◆ Data
● ● ● ● ●
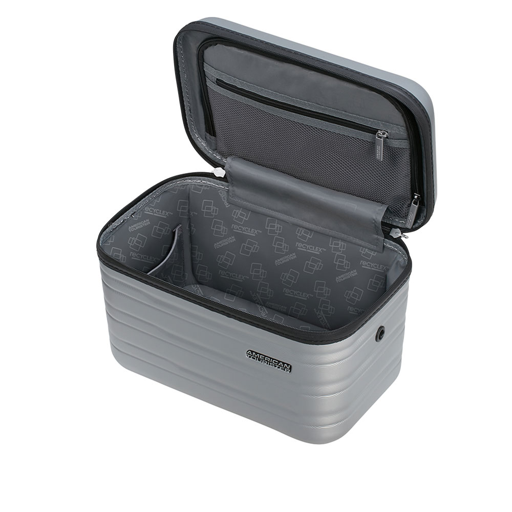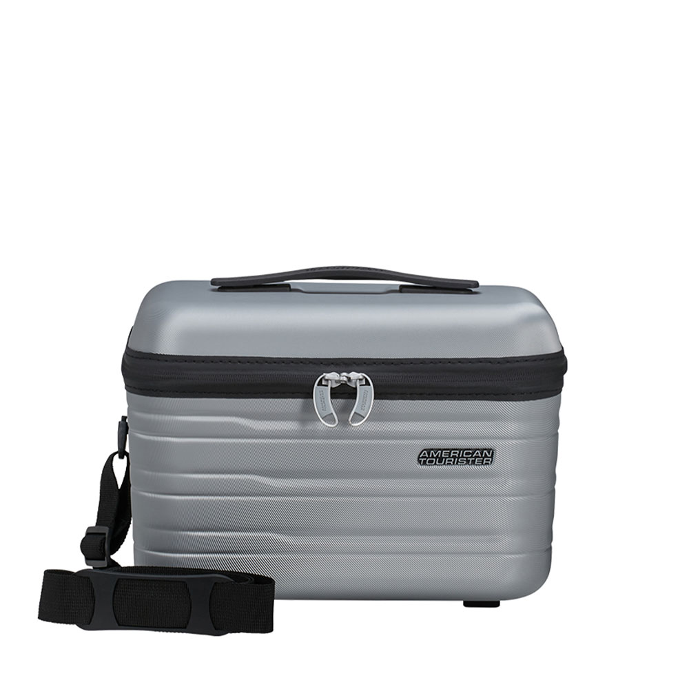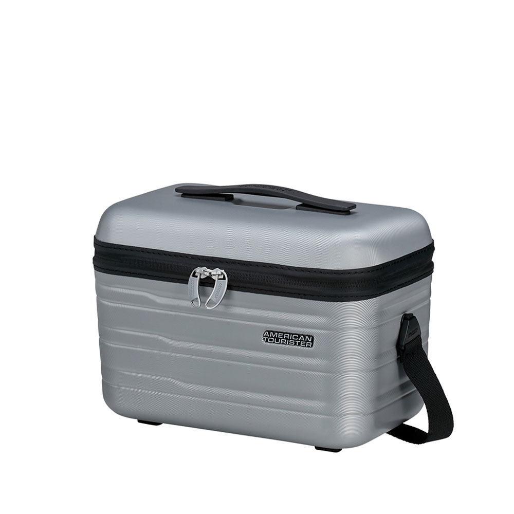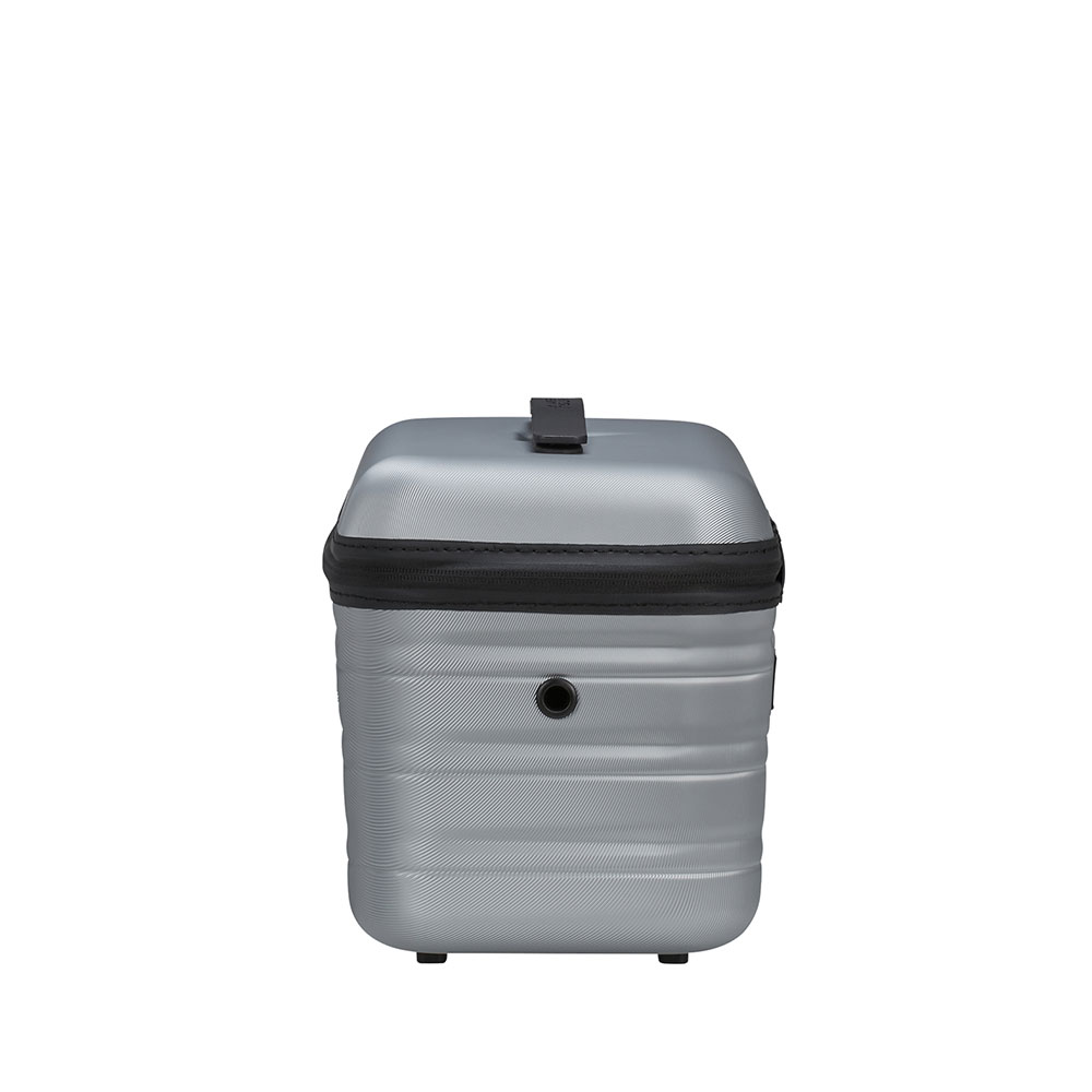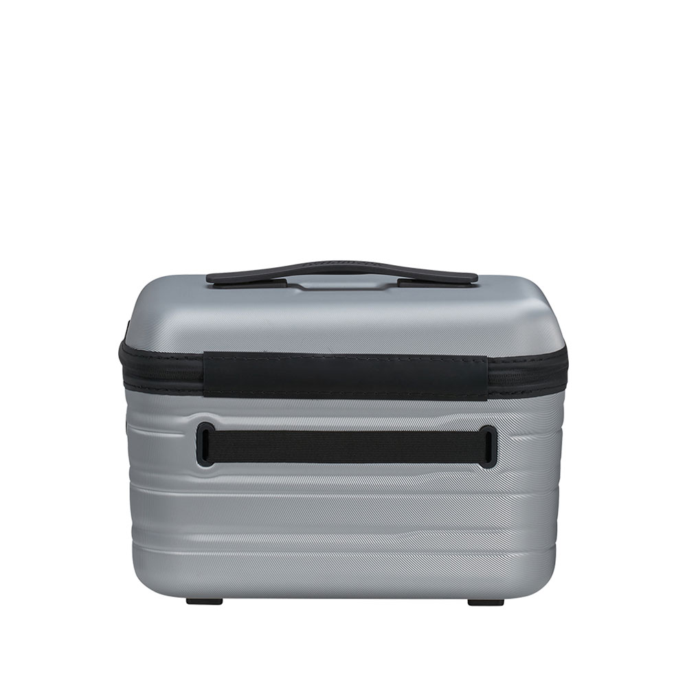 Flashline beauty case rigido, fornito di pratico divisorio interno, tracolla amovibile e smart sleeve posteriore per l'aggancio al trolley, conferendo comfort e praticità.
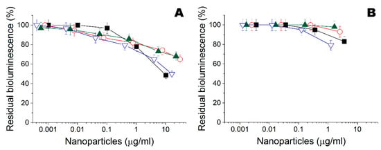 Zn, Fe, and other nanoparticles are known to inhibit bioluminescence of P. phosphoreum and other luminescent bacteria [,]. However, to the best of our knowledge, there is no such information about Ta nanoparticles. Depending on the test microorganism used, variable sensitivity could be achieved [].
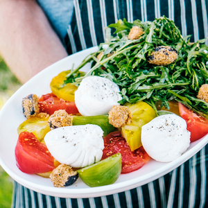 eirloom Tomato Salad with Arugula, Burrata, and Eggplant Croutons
● ● ● ● ●
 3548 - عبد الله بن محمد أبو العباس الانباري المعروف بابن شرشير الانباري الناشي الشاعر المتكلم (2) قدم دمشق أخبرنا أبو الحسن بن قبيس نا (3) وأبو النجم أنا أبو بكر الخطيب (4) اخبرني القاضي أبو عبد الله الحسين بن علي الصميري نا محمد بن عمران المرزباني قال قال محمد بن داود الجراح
● ● ● ● ●
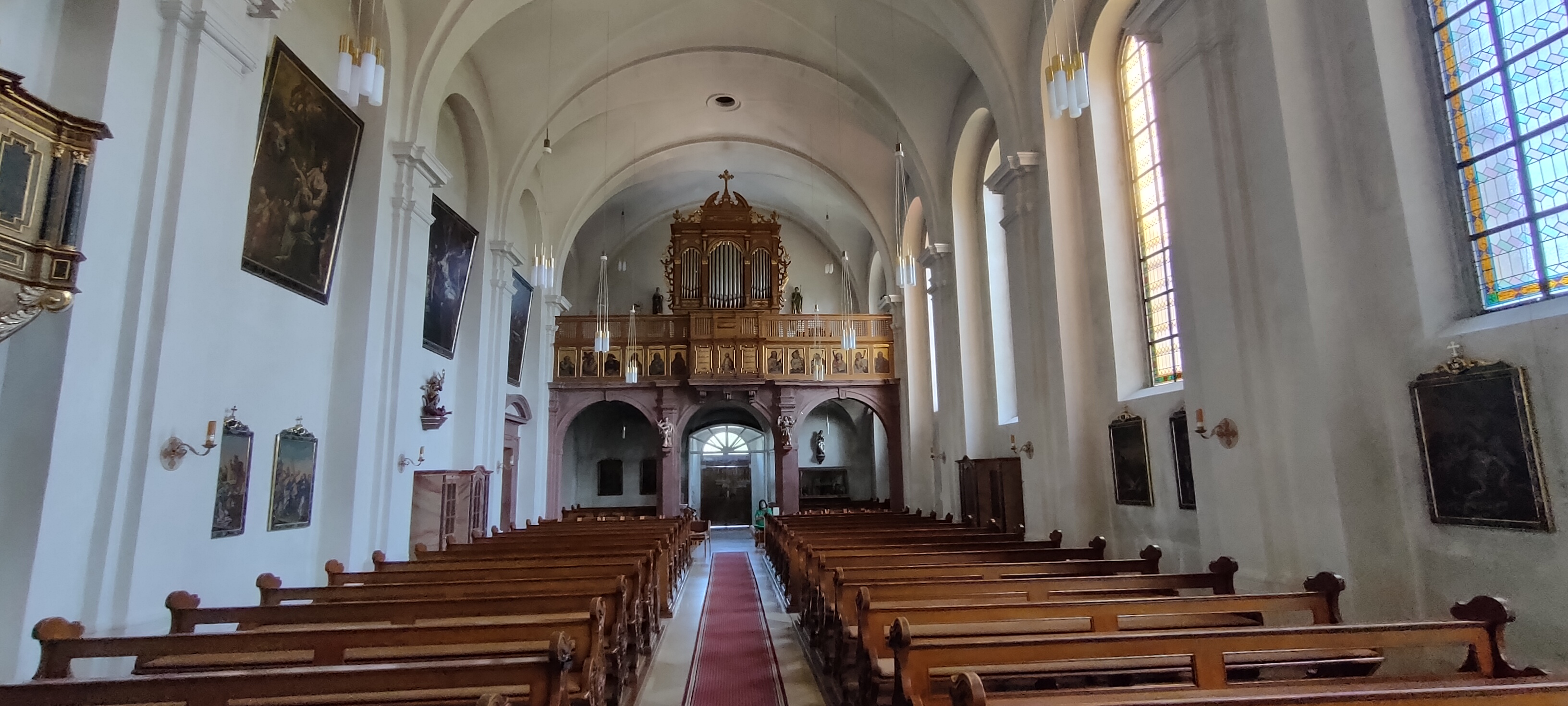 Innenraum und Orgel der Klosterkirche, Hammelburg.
● ● ● ● ●
◆ To do
What you write out is the stretch of entries from the line containing "Flashline beauty case" to the line containing "eirloom Tomato Salad", word for word, with both end lines and no pictures.

◆ Solution to this task
 Flashline beauty case rigido, fornito di pratico divisorio interno, tracolla amovibile e smart sleeve posteriore per l'aggancio al trolley, conferendo comfort e praticità.
 Zn, Fe, and other nanoparticles are known to inhibit bioluminescence of P. phosphoreum and other luminescent bacteria [,]. However, to the best of our knowledge, there is no such information about Ta nanoparticles. Depending on the test microorganism used, variable sensitivity could be achieved [].
 eirloom Tomato Salad with Arugula, Burrata, and Eggplant Croutons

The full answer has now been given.